Maroc. La gestion d’OPCVM se tourne vers l’international
Après 20 ans d’existence, l’industrie de la gestion d’actifs regarde vers l’international. L’Afrique est plus que jamais relais de croissance.
Le Maroc compte 18 sociétés de gestion avec un profil assez diversifié :
-6 filiales d’établissements bancaires ;
-2 filiales de banques d’affaires
-7 sociétés majoritairement détenues par des personnes physiques
-1 filiale d’une compagnie d’assurances ;
-1 filiale d’une société d’investissement étrangère ;
-1 société détenue par une société de bourse.
Ces sociétés gèrent au total 390 OPCVM dont plus du tiers (142) sont des fonds obligataires moyen et long terme. Par ailleurs, le nombre des fonds diversifiés a atteint 35 et celui des fonds monétaires s’est élevé à 51. Enfin, le nombre des fonds actions est de 86.
Parmi ces OPCVM, environ un tiers sont des fonds dédiés alors que les deux sont des fonds grand public.
L’actif net des OPCVM pèse dans l’économie marocaine
Dans ces conditions, l’actif net géré est passé de 129 MMDH en 2006 à 313 MMDH au premier trimestre 2015. Cet actif net représente plus d’un tiers du PIB du Maroc. Aussi, l’actif net des OPCVM représente près de 140% de l’épargne nationale brute. En effet, l’épargne nationale brute semble stagner autour de 200 MMDH malgré la progression du PIB.
Les institutions financières, principal investisseur des OPCVM
Signalons que les investisseurs des OPCVM sont 19.000. Les entreprises financières représentent 70% de l’actif net suivies des entreprises non financières avec une part de 19%. Les personnes physiques pèsent en général entre 8% et 9% de l’actif net global alors que la catégorie des personnes physiques et morales non résidentes représente autour de 1% de l’actif net.
Les investissements dominés par les produits de taux
Les bons du Trésor (BDT) demeurent le premier support d’investissement des OPCVM. En effet, les obligations émises ou garanties par l’Etat représente 45% de l’actif net. De leur part, les titres de créances négociables (TCN) et les obligations privées représentent respectivement 17% et 13% de l’actif net. En ce qui concerne les actions, elles accaparent 7% de l’actif net. Le reliquat revient aux titres d’OPCVM (3%) et les autres éléments de l’actif (15%).
Un modèle exportable en Afrique
L’industrie de la gestion d’actif doit s’adapter pleinement aux enjeux économiques du Maroc. En particulier, les OPCVM doivent participer au schème de la croissance du Maroc en quantité et en qualité a déclaré Faouzia Zaaboul, directrice du Trésor et des Finances extérieures.
Par ailleurs, la maturité et la taille actuelle de l’industrie de la gestion d’actifs font du Maroc leader en la matière, a avancé Hassan Boulaknadal, DG du CDVM. D’où la nécessité d’exporter le modèle marocain dans le reste du continent africain a-t-il affirmé.
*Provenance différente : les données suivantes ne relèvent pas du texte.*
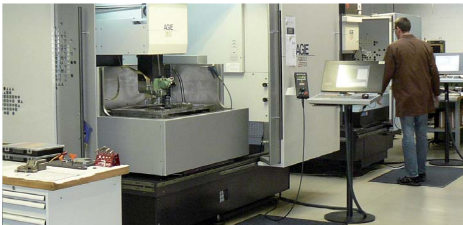
Die Vorteile der MDE werden bei Dettinger vor allem über die Erodiermaschinen sichtbar, die meist ja auch mannlos betrieben werden. So entfällt ein zeitaufwändiges Nachtragen der Zeiten.

Ein solches Handicap lag beispielsweise schon in der Vorkalkulation. Wurde die auf Grund des Aufwands zu zeitintensiv, hat man in der Vergangen-
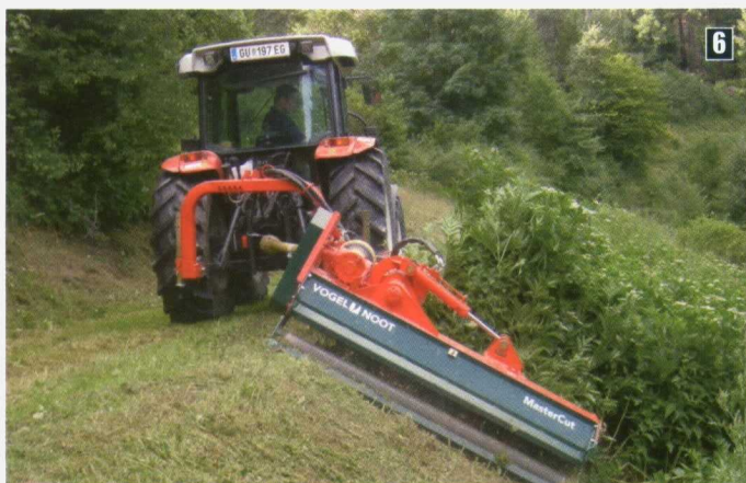
Foto 6. Trituradora para desbrozado de laderas.

D’ailleurs, le CFC est une opportunité pour faire du Maroc un hub africain dans la gestion d’OPCVM a appuyé M. Boulknadal.
Pistes de développement
Enfin, pour assurer cette ouverture de l’industrie de la gestion d’actif, plusieurs pistes ont été définies notamment :
-La réglementation et la classification de fonds à travers de développement des fonds en devises et des fonds régionaux libellés au Maroc ;
-La création d’une plate-forme de domiciliation pour favoriser un dispositif fiscal ;
-Le renforcement de la communication à travers l’élaboration des partenariats et l’organisation des roadshows ;
-Le référencement des OPCVM marocaines sur les plates-formes électroniques,
-L’adoption des standards internationaux pour les fonds marocains afin de se faire reconnaître par les autorités étrangères ;
-La professionnalisation des sociétés de gestions marocaines par le développement des compétences et de l’expertise ;
-Le développement de la gestion des risques ;
-Le renforcement de la transparence et de l’innovation.